> _ACTIVITY_
Your output should be exactly the lines from the one containing "- 对角降噪:逐片段渐进减少" through the last line of the listing, and nothing else. Pictures stay out.
--
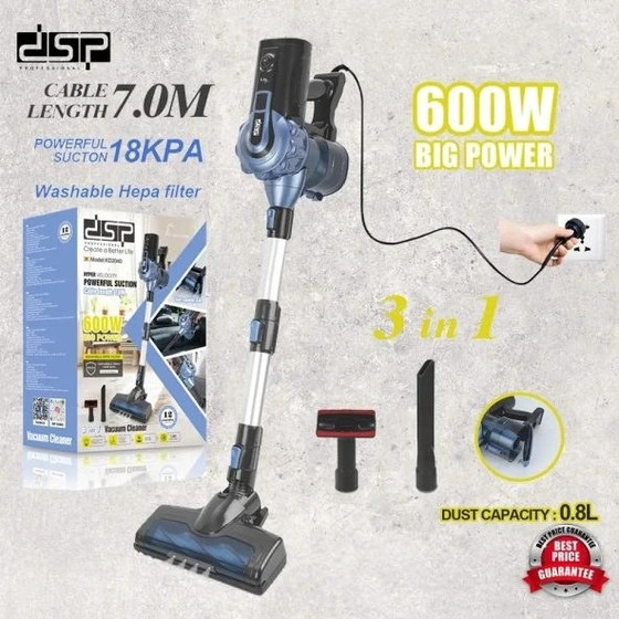 جارو برقی عصایی خانگی قدرتمند 600 وات ایستاده مجهز LED دی اس پی DSP مدل KD2040 توان مصرفی و موتور این دستگاه 600 وات است که عملکرد عالی ای را به جای می گذارد و یک توان بالا در جارو برقی های عصایی به شمار می رود. سری جارو دارای دو برس جداگانه است که برای جمع آوری گرد و غبار و زباله استفاده می شود. این نوع جارو دارای سری های قابل تعویض هستند که امکان استفاده از آن ها به عنوان جارو دستی یا جاروبرقی را فراهم می کند. که میتوان آن را جدا کرده و برای نظافت فضاهای کوچک و محدود مانند میز، مبلمان و خودرو مناسب است. ظرفیت مخزن این جارو برقی 0.8 لیتر است که حجم بالایی از گرد و غبار در آن جای می گیرد و تا چند بار بدون خالی کردن می توانید از آن استفاده کنید. همچنین دارای فیلتر قابل شستشو نیز می باشد. قدرت مکش این جارو برقی 18KPA می باشد و دارای مخزن گرد و غبار و زباله هستند که نیازی به استفاده از کیسه ندارند. این قابلیت برای نظافت راحت تر و بهداشتی تر است. این جاروبرقی تنها با وزن 1.7 کیلوگرمی سبک وزن به شما این امکان را می دهد تا بدون احساس خستگی به راحتی در خانه حرکت کنید. مکش قدرتمند 18KPA جنس بدنه استیل و پلاستیک مقاوم ظرفیت مخزن زباله 0.8 لیتر فیلتر قابل شست وشو طول سیم 7 متر به همراه دو عدد سری قابل تعویض قابلیت استفاده به صورت ایستاده و دستی است
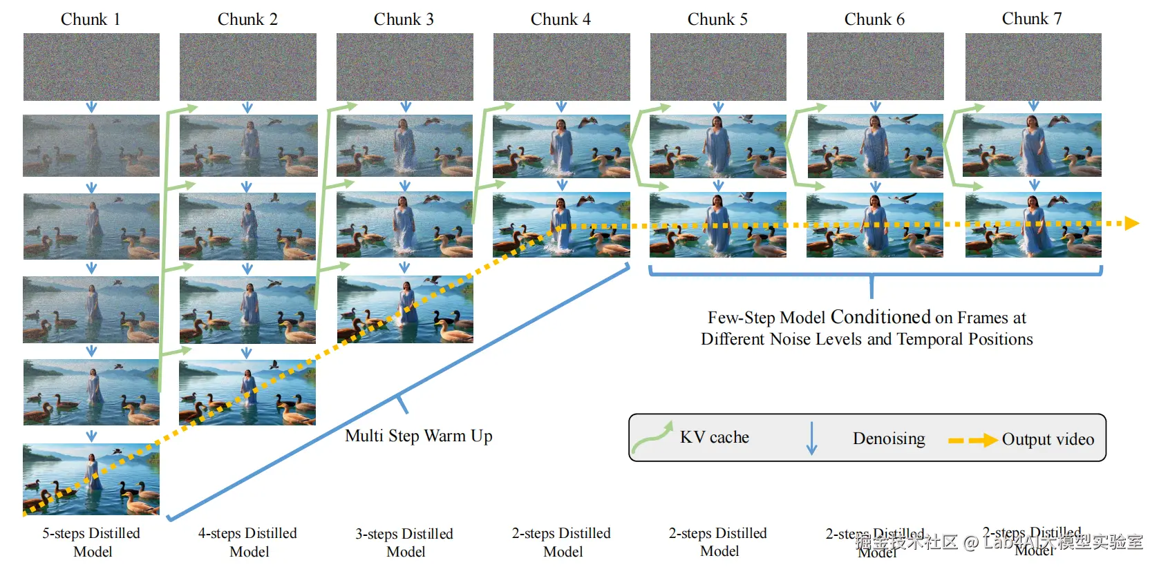 - 对角降噪:逐片段渐进减少降噪步,前3个片段分别用5/4/3步,后续片段固定2步;复用前序片段最终噪声帧的KV缓存,降低冗余计算。
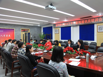 校党委副书记张洁主持会议 2014下半年新闻通讯员培训会现场
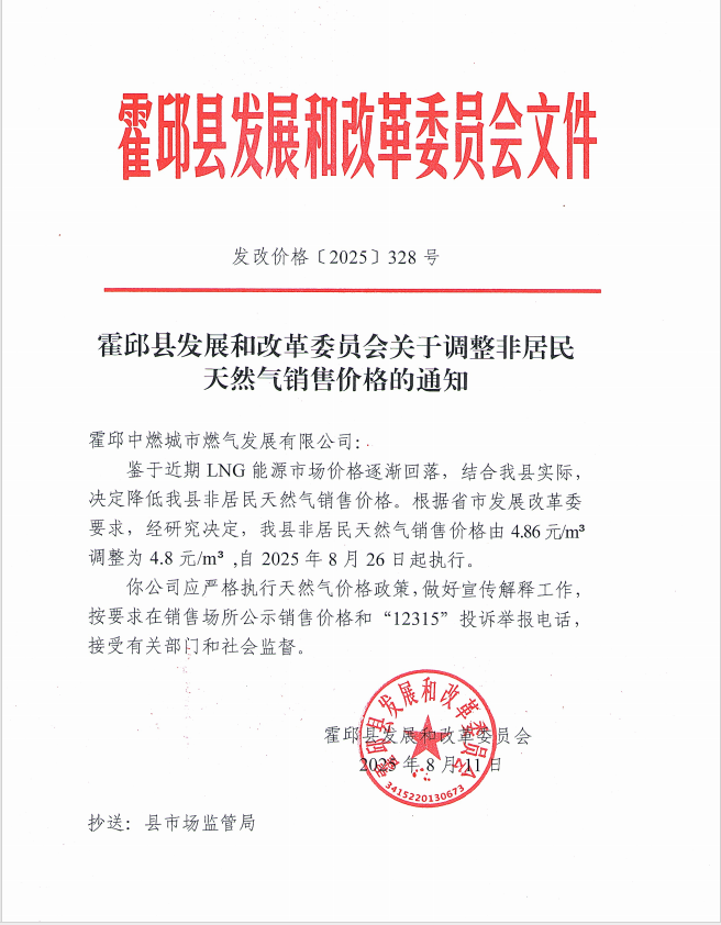 霍邱縣發(fā)展和改革委員會(huì)關(guān)于調(diào)整非居民天然氣銷(xiāo)售價(jià)格的通知
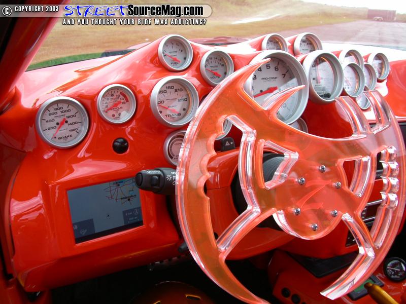 Having to live up to the exterior touch, M&B Enterprises would next tackle the interior. Starting with the dash, the stock one would be tossed and a complete custom dash built housing many Auto Meter gauges for every purpose.
--
> _ANSWER SPACE_
 - 对角降噪:逐片段渐进减少降噪步,前3个片段分别用5/4/3步,后续片段固定2步;复用前序片段最终噪声帧的KV缓存,降低冗余计算。
 校党委副书记张洁主持会议 2014下半年新闻通讯员培训会现场
 霍邱縣發(fā)展和改革委員會(huì)關(guān)于調(diào)整非居民天然氣銷(xiāo)售價(jià)格的通知
 Having to live up to the exterior touch, M&B Enterprises would next tackle the interior. Starting with the dash, the stock one would be tossed and a complete custom dash built housing many Auto Meter gauges for every purpose.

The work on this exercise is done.